1. Replace each non-proper noun word with three synonyms or alternatives in the format word2. 2. Proper nouns must remain unchanged. 3. Only process the provided text (they mentioned "text only").

This is a challenge. Maybe the user wants to process a given text where some words are proper nouns, and for the rest, generate three synonyms. So the task is to identify proper nouns (maybe based on capitalization) and leave them as is, and the rest replaced. Another consideration: words that might be part of

In conclusion, the approach is:

Given that, implement a basic approach: if the word is capitalized and not the first word of the text, consider it a proper noun. But that's error-prone. For example, the user might have a title where all words are capitalized, but that's a different case. Since the user didn't specify, maybe better to proceed with replacing all words unless they are known proper nouns. Wait, but how to know? Without a list of proper nouns, it's impossible. So the user might expect that only words that are common proper nouns, like names, places, etc., are left as-is, and others are replaced. But since I don't have access to external databases, I can't determine that.

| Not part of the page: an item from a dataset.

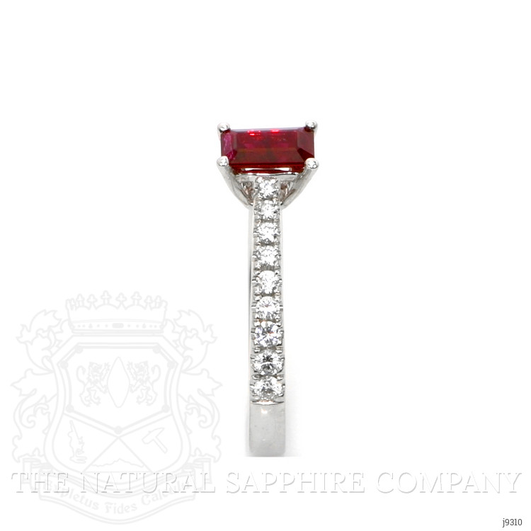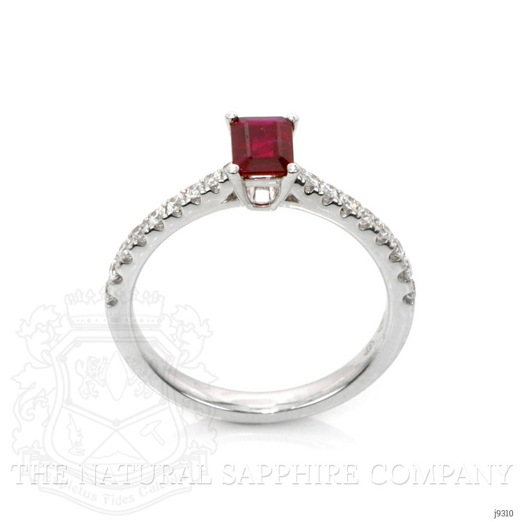 The ring primarily features a beautiful, transparent 0.54 carat emerald cut shape red ruby with the dimensions of 6.51 x 4.70 x 2.53 mm and is step cut. It has a clarity grade of very slightly included (evaluated at eye level), vivid color intensity, and an excellent polish. The origin of this ruby is Mozambique. Also featured in the ring are 16 white round shaped mixed brilliant cut natural diamonds, weighing a total of 0.27 carats. The natural diamonds have a clarity grade of vs1 - Very Slightly Included., F color The ring is entirely set in 18K white gold.

So perhaps the instruction is simply to not modify proper nouns, but how to detect them in the text. John mother-in-law," but probably not

Hmm, this could be complex. Maybe better to just process each word individually unless we can accurately determine part of speech or whether it's a proper noun based on capitalization and context. But context could be tricky.

Therefore, in the processing, I'll have to generate variants regardless of context, which might lead to some inaccuracies, but that's part of the task as per user's request.

Sample input: "The quick brown fox jumps over the lazy dog, but Alice stays calm."